DAILY AVERAGED 2D WATER TEMPERATURE MODEL FOR THE ST. LAWRENCE RIVER

Abstract

A daily averaged two-dimensional water temperature model has been developed for the freshwater part of the St. Lawrence River, between Lake St. Louis and Trois-Rivières (Québec, Canada). The model was first calibrated and validated for the area of Lake St. Pierre, a natural enlargement of the river subject to strong lateral and longitudinal thermal variations. Forecasts from the Global Environmental Multiscale model were used in preference to observations from meteorological stations for model inputs, both to increase the spatial resolution and ultimately to allow the water temperature model to be used in predictive mode.

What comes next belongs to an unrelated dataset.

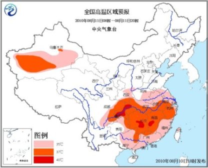 中新網8月10日電 據中央氣象臺預計,今天夜間到明天白天,華北地區仍是降雨的重點區域,河北、山西局地將有大暴雨;同時,南方地區高溫持續,其中 四川盆地東南部、重慶大部、湖南中南部、江西中部等地氣溫可達38~39℃,部分地區氣溫可達40℃以上。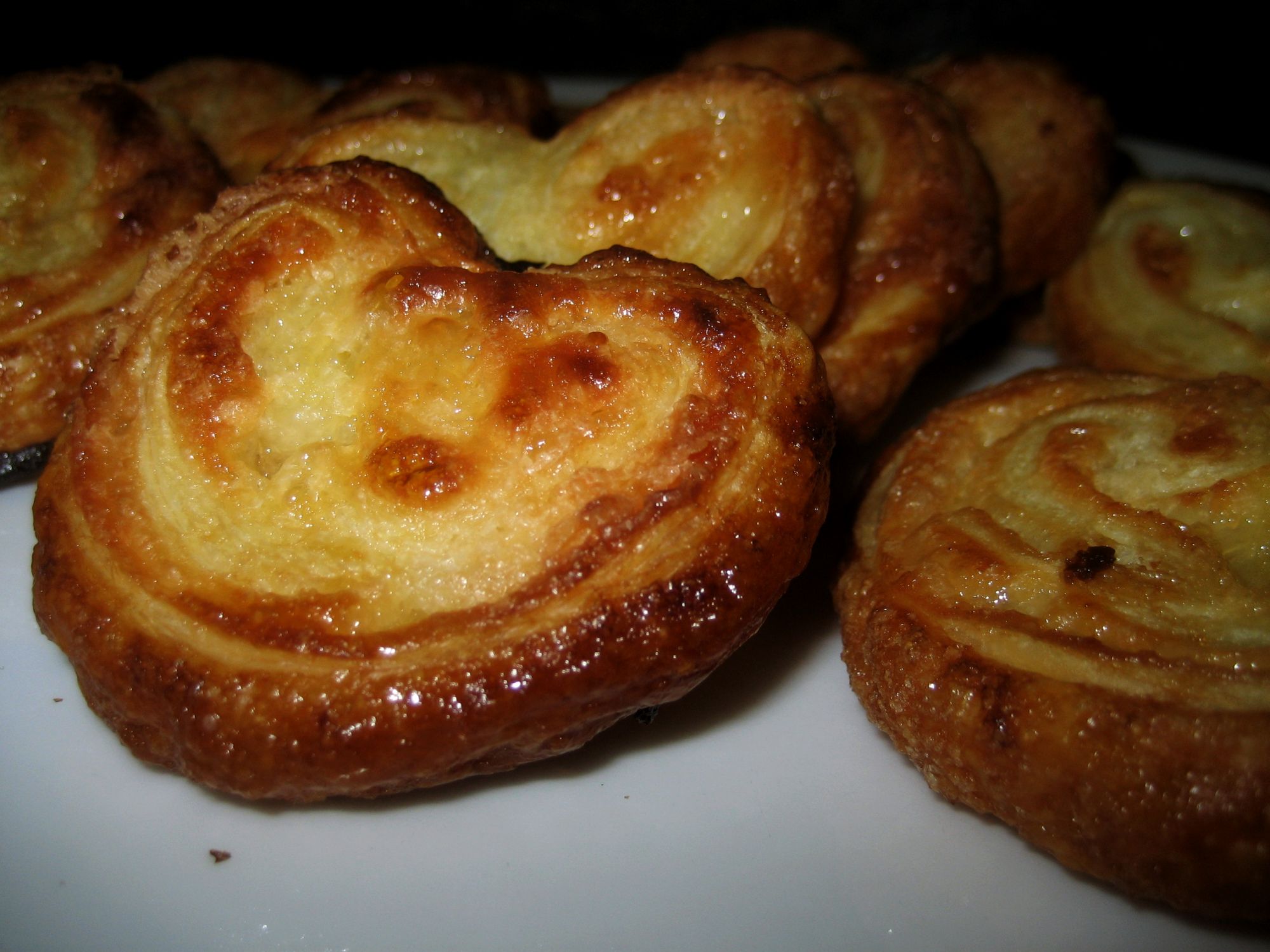 Tras haberlo doblado dos veces, juntamos los extremos formando de tal modo que la masa adquiera una forma parecida a la de un rollito. Cortamos toda la caña en porciones del grosor de 1cm (un dedo aproximadamente). Con una lámina saldrán unas 20 palmeritas.

The resulting model provided daily water temperature estimates with an overall root mean square error (RMSE) of 1.18 °C and a Nash–Sutcliffe coefficient of 0.44. Comparisons between Landsat images and simulations demonstrated that the model not only simulated accurate water temperature values but also showed the adequacy of the model in general. It not only simulated local water temperature relatively accurately but also provided a good representation of the spatial water temperature patterns within the study area. The error varied between deep and shallow water areas. In deeper water, the overall RMSE is 0.41 °C, and the modified Nash coefficient rises up to 0.92. Because shallow water areas are subject to greater variations, longer, more spatially dense data sets will be needed to refine the hydrodynamic and thermal budget models for those specific areas. Copyright © 2013 John Wiley & Sons, Ltd.